# TASK PROMPT
For the data below, retype word for word the lines from the one containing "Svanemerket ulltrøye til" through the one containing "出会い岬から見えた海越しの富士山。"; drop the pictures.

# DATA FOR THIS TASK
'''

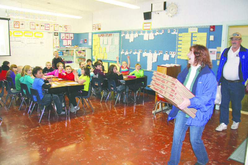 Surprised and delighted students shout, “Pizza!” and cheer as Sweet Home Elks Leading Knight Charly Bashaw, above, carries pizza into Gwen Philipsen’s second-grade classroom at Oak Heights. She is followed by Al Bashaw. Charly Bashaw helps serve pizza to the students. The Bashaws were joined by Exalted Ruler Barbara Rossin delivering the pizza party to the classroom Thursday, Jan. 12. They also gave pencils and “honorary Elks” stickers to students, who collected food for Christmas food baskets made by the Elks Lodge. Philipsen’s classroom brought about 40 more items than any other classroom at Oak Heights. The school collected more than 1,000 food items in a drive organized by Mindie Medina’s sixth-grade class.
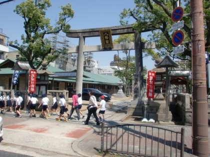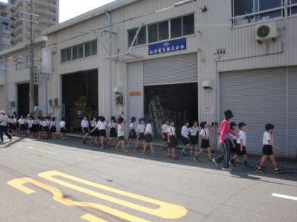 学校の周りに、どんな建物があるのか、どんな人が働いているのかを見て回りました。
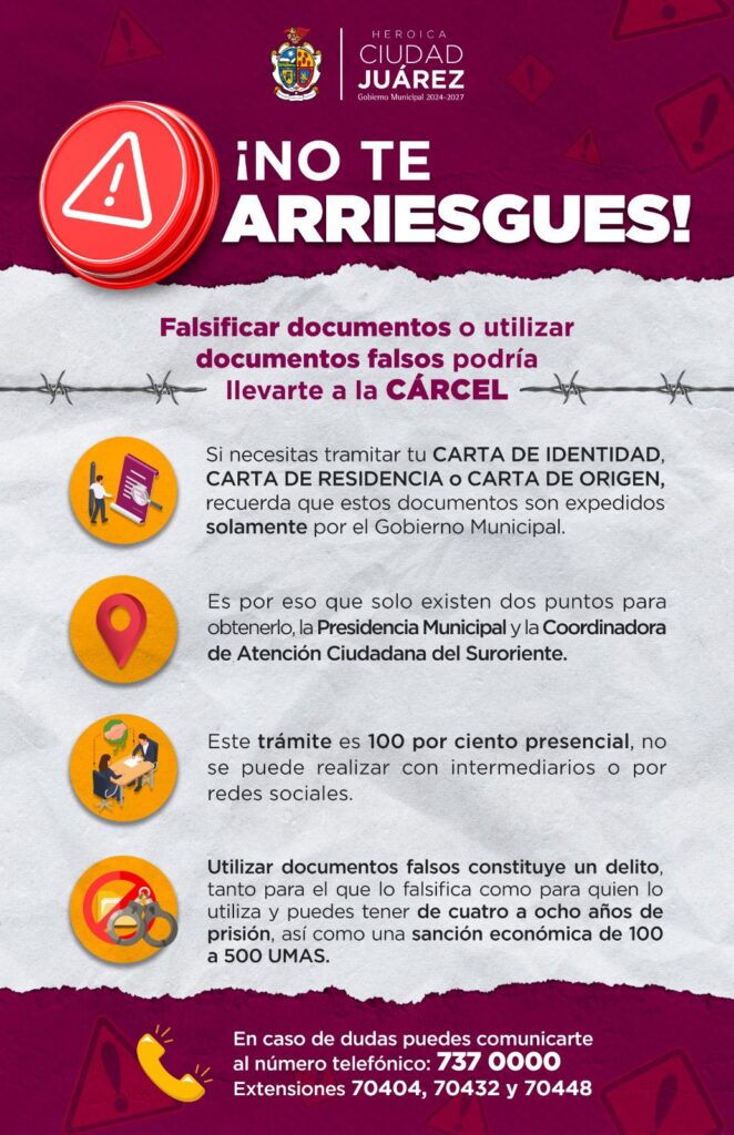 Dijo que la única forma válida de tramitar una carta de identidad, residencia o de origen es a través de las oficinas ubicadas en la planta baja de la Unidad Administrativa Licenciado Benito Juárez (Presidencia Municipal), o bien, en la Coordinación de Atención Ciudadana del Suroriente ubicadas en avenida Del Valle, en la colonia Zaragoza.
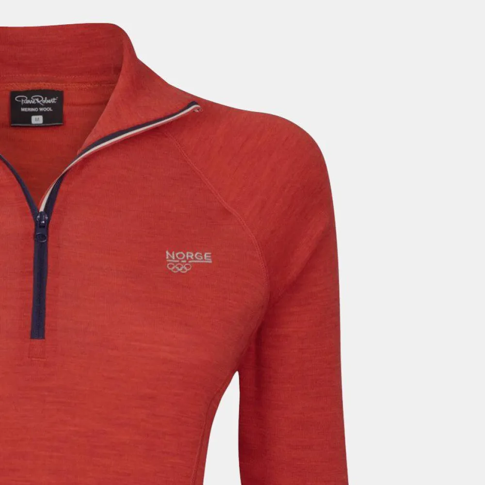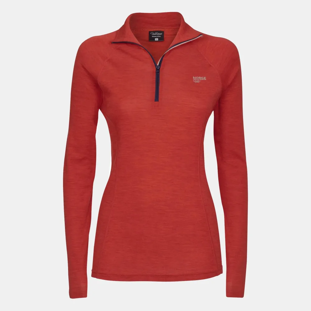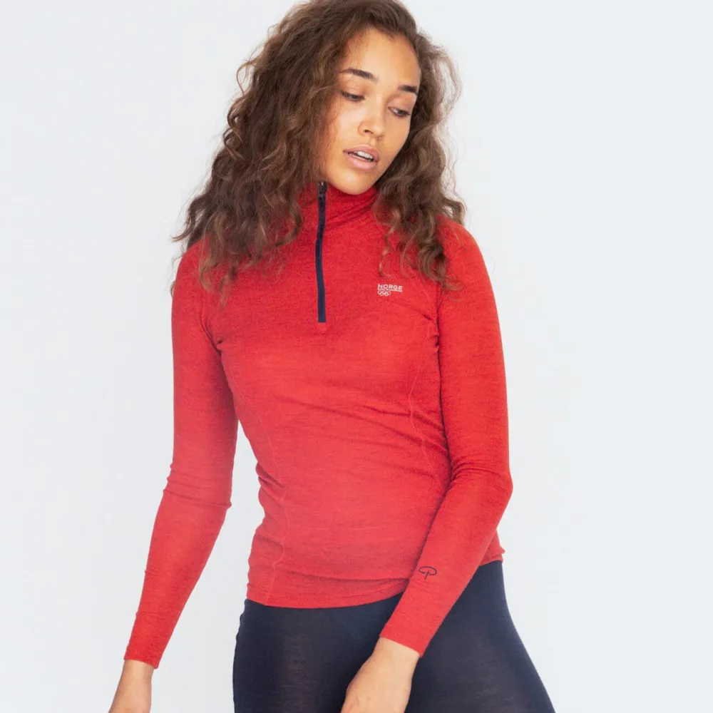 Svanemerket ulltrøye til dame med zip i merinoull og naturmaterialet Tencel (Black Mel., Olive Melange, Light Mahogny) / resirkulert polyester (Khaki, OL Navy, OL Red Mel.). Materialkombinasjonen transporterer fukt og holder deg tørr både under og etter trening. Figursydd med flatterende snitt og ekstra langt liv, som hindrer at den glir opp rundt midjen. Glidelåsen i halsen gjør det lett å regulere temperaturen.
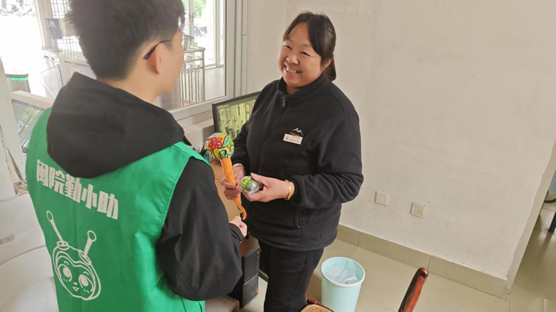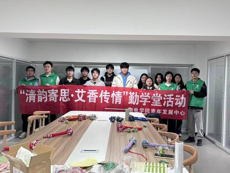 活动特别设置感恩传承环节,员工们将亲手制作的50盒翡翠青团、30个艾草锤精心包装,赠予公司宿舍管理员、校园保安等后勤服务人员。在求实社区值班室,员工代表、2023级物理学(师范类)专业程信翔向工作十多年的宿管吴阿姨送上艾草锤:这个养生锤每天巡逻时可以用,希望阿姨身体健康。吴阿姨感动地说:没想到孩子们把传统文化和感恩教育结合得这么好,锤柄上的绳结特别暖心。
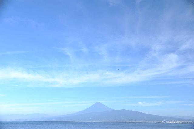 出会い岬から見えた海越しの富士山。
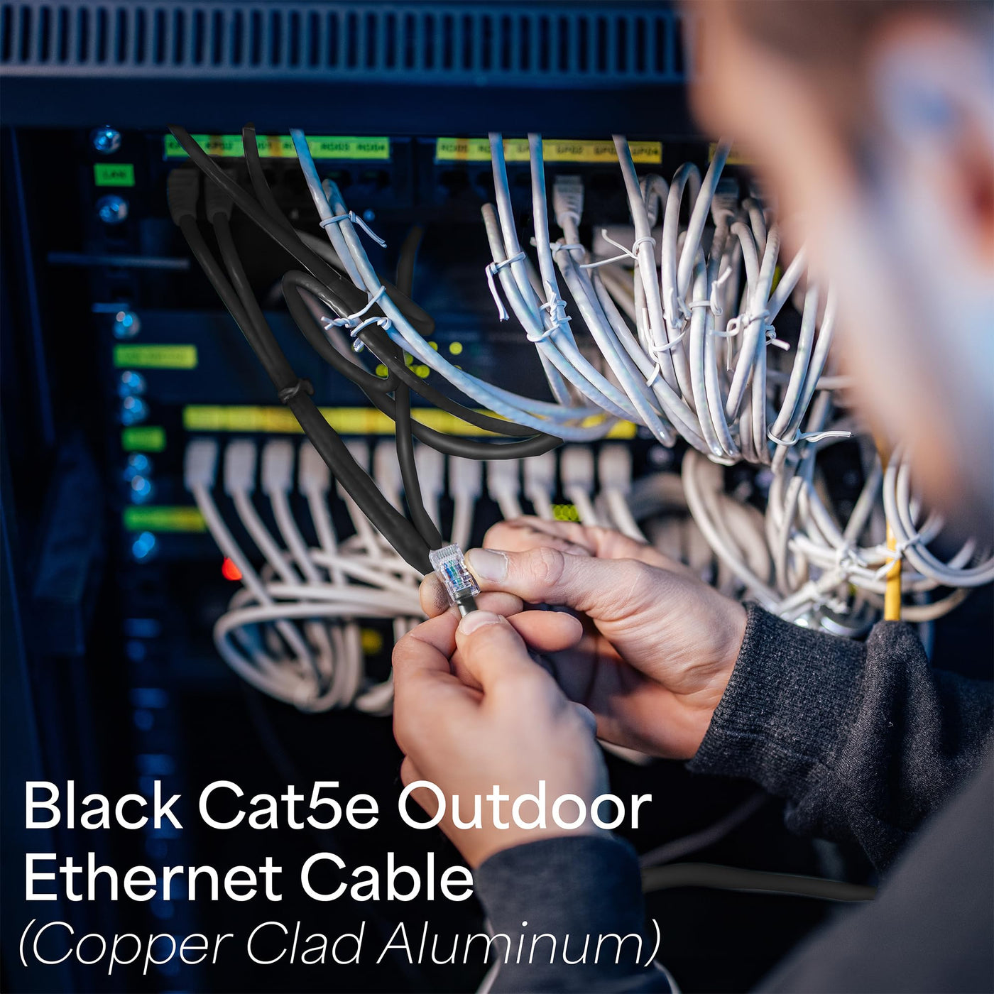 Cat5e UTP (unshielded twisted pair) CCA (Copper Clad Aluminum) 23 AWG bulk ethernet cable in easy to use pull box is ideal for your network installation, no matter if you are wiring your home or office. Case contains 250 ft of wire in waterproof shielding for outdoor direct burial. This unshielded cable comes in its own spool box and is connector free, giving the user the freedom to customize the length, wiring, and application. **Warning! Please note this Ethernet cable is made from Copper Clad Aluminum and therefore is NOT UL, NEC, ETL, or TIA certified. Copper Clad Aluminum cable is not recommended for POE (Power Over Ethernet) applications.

'''

# SOLUTION TO THE EXERCISE
 Svanemerket ulltrøye til dame med zip i merinoull og naturmaterialet Tencel (Black Mel., Olive Melange, Light Mahogny) / resirkulert polyester (Khaki, OL Navy, OL Red Mel.). Materialkombinasjonen transporterer fukt og holder deg tørr både under og etter trening. Figursydd med flatterende snitt og ekstra langt liv, som hindrer at den glir opp rundt midjen. Glidelåsen i halsen gjør det lett å regulere temperaturen.
 活动特别设置感恩传承环节,员工们将亲手制作的50盒翡翠青团、30个艾草锤精心包装,赠予公司宿舍管理员、校园保安等后勤服务人员。在求实社区值班室,员工代表、2023级物理学(师范类)专业程信翔向工作十多年的宿管吴阿姨送上艾草锤:这个养生锤每天巡逻时可以用,希望阿姨身体健康。吴阿姨感动地说:没想到孩子们把传统文化和感恩教育结合得这么好,锤柄上的绳结特别暖心。
 出会い岬から見えた海越しの富士山。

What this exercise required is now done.